Prominent among them, and almost in the center of the painting—the exact center is the empty space between them--are Pierre Trudeau, the Prime Minister of Canada from April 20, 1968 to June 4, 1979 and again from March 3, 1980 to June 30, 1984, and Rene Lévesque, the Premier of Quebec from November 25, 1976 to October 31, 1985. “Lévesque was the first Quebec political leader since Confederation to attempt through a referendum, to negotiate the political independence of Quebec.”  They stand next to each other, companions in competitive arms as it were—they were both members of the Liberal Party, until Lévesque left it to form the Parti Quebecois, and led it in its attempt to separate—legally, it should be emphasized, rather than violently, as the FLQ did--Quebec from Canada.   However unwittingly, both parties of the separatist movement acted on—and acted out—the unspoken assumption that Quebec was isolated in Canada, that is, didn’t belong in it from the beginning by reason of its unique history. 

Quebec, Fresco (Studio). 9 x 10 foot oil canvas, 2017.

Both men are upright and righteous, but Trudeau stands above Lévesque, as though in victorious triumph:  Trudeau kept Quebec in Canada, defeating Lévesque’s efforts to remove it.   Holding a maple leaf, the symbol of Canada, Trudeau is a Canadian patriot, unlike Lévesque, a Quebec loyalist, not to say a rebel, for in leading the Parti Quebecois he betrayed Canada, suggesting he was a kind of traitor, to overstate the matter.  Both men look upward to the heavens, as though pleading their cause to the gods above—the founding fathers of Canada—and seeking their blessing.  The difference in their appearance is also symbolically pertinent:  Lévesque is older and heavier than Trudeau—Lévesque’s great coat covers his body completely, as though it was a shroud—suggesting that he represents the old and lost cause of Quebec independence, not to say the past history of Quebec; the thin, youthful Trudeau signifies the “wholesome” new Canada—the Canada of the future.  Lévesque’s arms are down by his sides, as though suggesting the futility of his pleading—the failure of his cause—while Trudeau raises his left arm and points his finger to heaven, in a gesture reminiscent of that of Leonardo da Vinci’s St.
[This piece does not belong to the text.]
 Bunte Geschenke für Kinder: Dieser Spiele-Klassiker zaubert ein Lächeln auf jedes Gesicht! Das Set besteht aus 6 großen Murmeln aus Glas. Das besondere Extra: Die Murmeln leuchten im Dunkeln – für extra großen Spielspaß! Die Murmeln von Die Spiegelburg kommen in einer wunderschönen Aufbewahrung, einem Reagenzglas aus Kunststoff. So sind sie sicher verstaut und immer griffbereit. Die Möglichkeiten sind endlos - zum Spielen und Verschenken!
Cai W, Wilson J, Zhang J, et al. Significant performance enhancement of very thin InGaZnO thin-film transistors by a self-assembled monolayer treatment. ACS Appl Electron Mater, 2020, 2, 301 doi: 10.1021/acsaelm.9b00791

John the Baptist, 1513, who raises his right arm and points his finger to heaven, smiling at us as he does so.  Trudeau is clearly a more successful, blessed leader than Lévesque.  
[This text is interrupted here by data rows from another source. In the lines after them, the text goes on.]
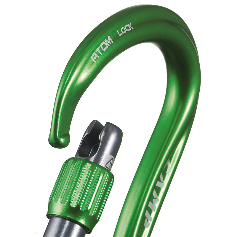 Atom Lock je velká HMS karabina určená k jištění a slaňování. Atom Lock je opatřena patentovanou úpravou SphereLock, která přesným výbrusem nosu a zámku karabiny zvyšuje pevnost při zatížení. Díky velké světlosti karabiny je práce s lanem snadnější. Nově upravená šroubovací pojistka zámku zaručuje optimální skluz závitu pro tu nejjednodušší manipulaci jednou rukou. Pro zvýšení bezpečnosti je zámek karabiny opatřen laserovým výbrusem, který značí, je-li pojistka zámku dostatečně zašroubována.
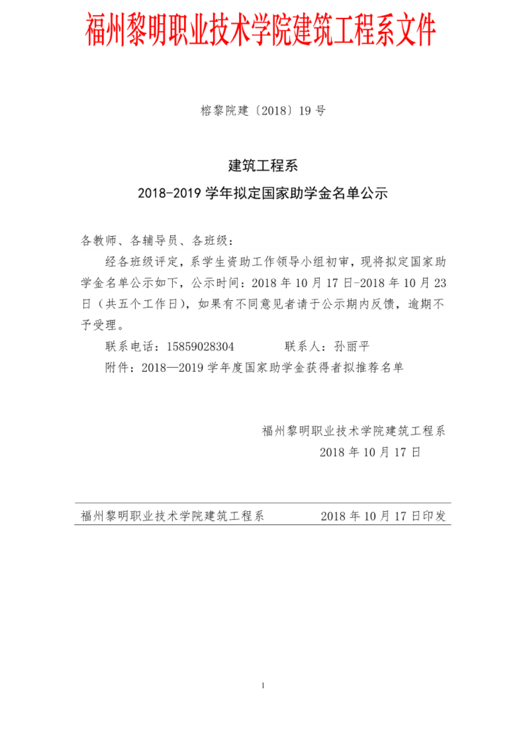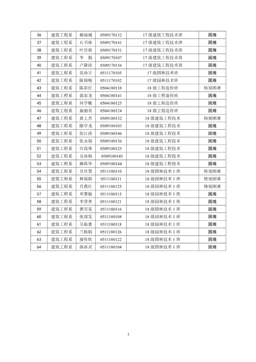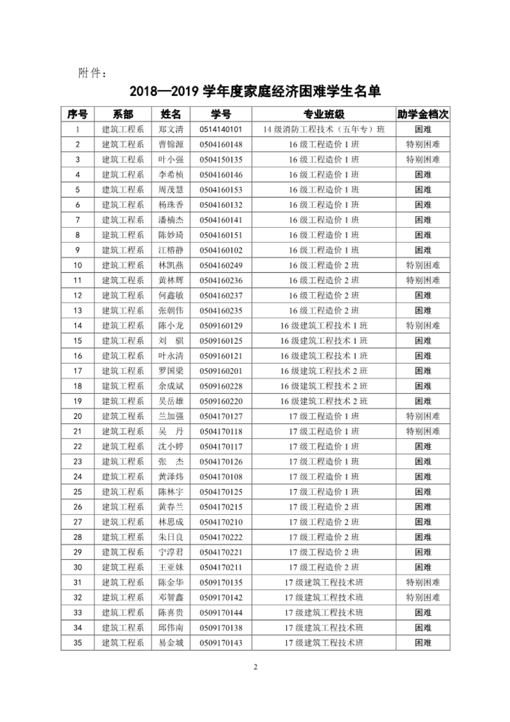 【2018】19号建工系2018-2019学年拟定国家助学金名单公示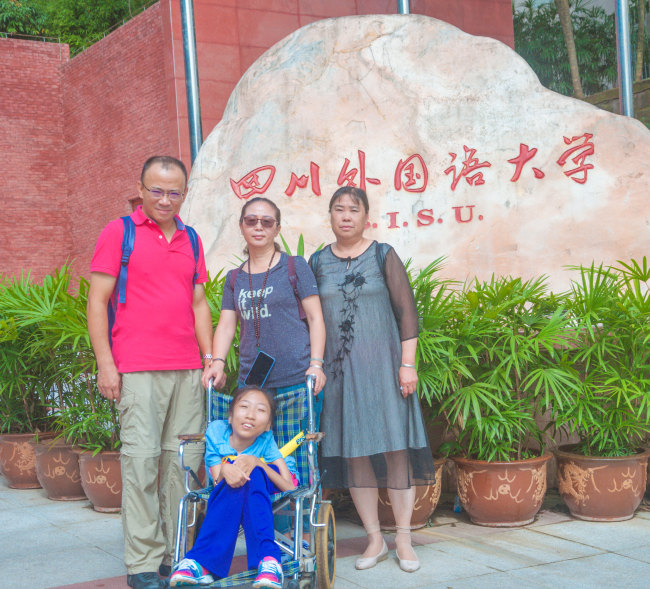 Xu Ruiyang y su familia se hacen una foto en grupo frente a la puerta de la escuela en la Universidad de Estudios Internacionales de Sichuan en Chongqing. [Foto / Universidad de Estudios Internacionales de Sichuan]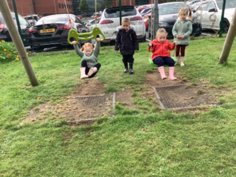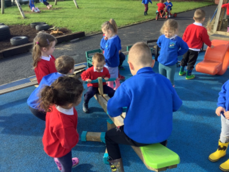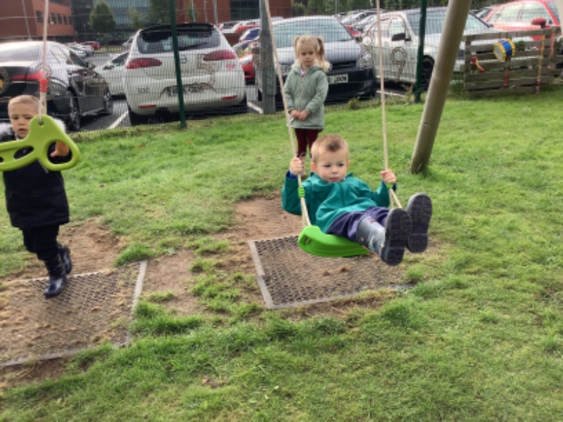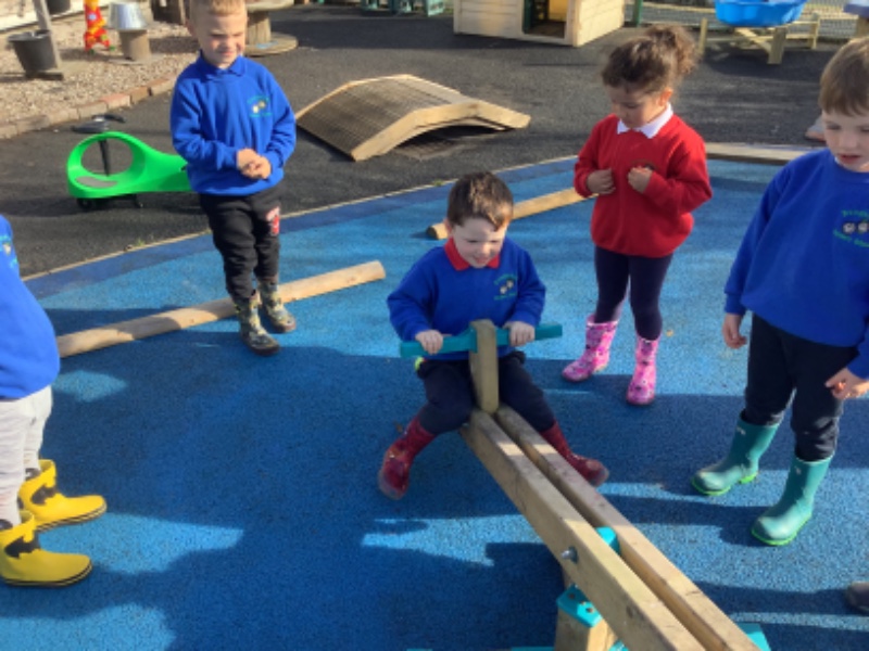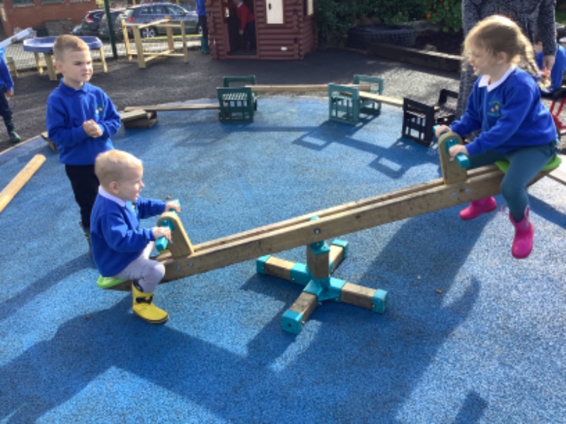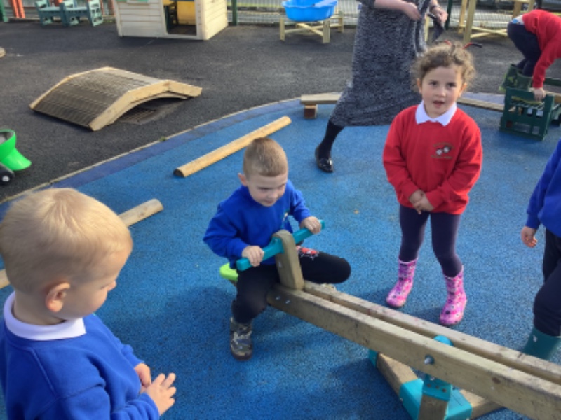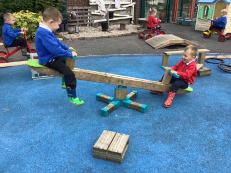 The children have been outside exploring and learning. There are 2 new types of swings to try out. There are bikes and trikes too. And 2 types of seesaws as well!

He stands in front of Lucien Bouchard, founder of the Bloc Québécois, Premier of Quebec from January 29, 1996 to March 8, 2001 and, crucially, the “central figure for the ‘Yes’ side in the 1995 Quebec referendum” to leave Canada.  He came to regret the referendum, suggesting the reason Miller pictures him close to Trudeau, placing his right arm on Trudeau’s right shoulder, implying that Trudeau was “right.”  Bouchard seems to cling to Trudeau, the way Quebec clung to Canada despite itself, even as Trudeau seems to be saying “get thee behind me,” as though to the devilish lost cause of Quebec independence, symbolized by Bouchard.  At the same time Bouchard, once a symbol of go-it-alone Quebec, seems to be saying to Trudeau, a symbol of a unified Canada, that the people of Quebec now back you up, that is, support you.  Bouchard raises his left arm over Trudeau’s left shoulder, and his left hand to the sky, echoing Trudeau’s.  His glance follows Trudeau’s heavenward, indicating they are now in accord, have the same faith in Canada.  Troubled—and troublesome--Quebec no longer rejects Canada, but identifies with it, as Bouchard does with Trudeau, belatedly.  Their physical closeness and reconciliation sharply contrasts with the distance Miller puts between Trudeau and the isolated Lévesque, suggesting their irreconcilability.  Psychologically perceptive as well as socially conscious, Miller ingeniously places Trudeau between Bouchard and Lévesque, suggesting the difference a change in heart as well as ideology can make, while epitomizing the emotional as well as political conflict at the core of Quebec.   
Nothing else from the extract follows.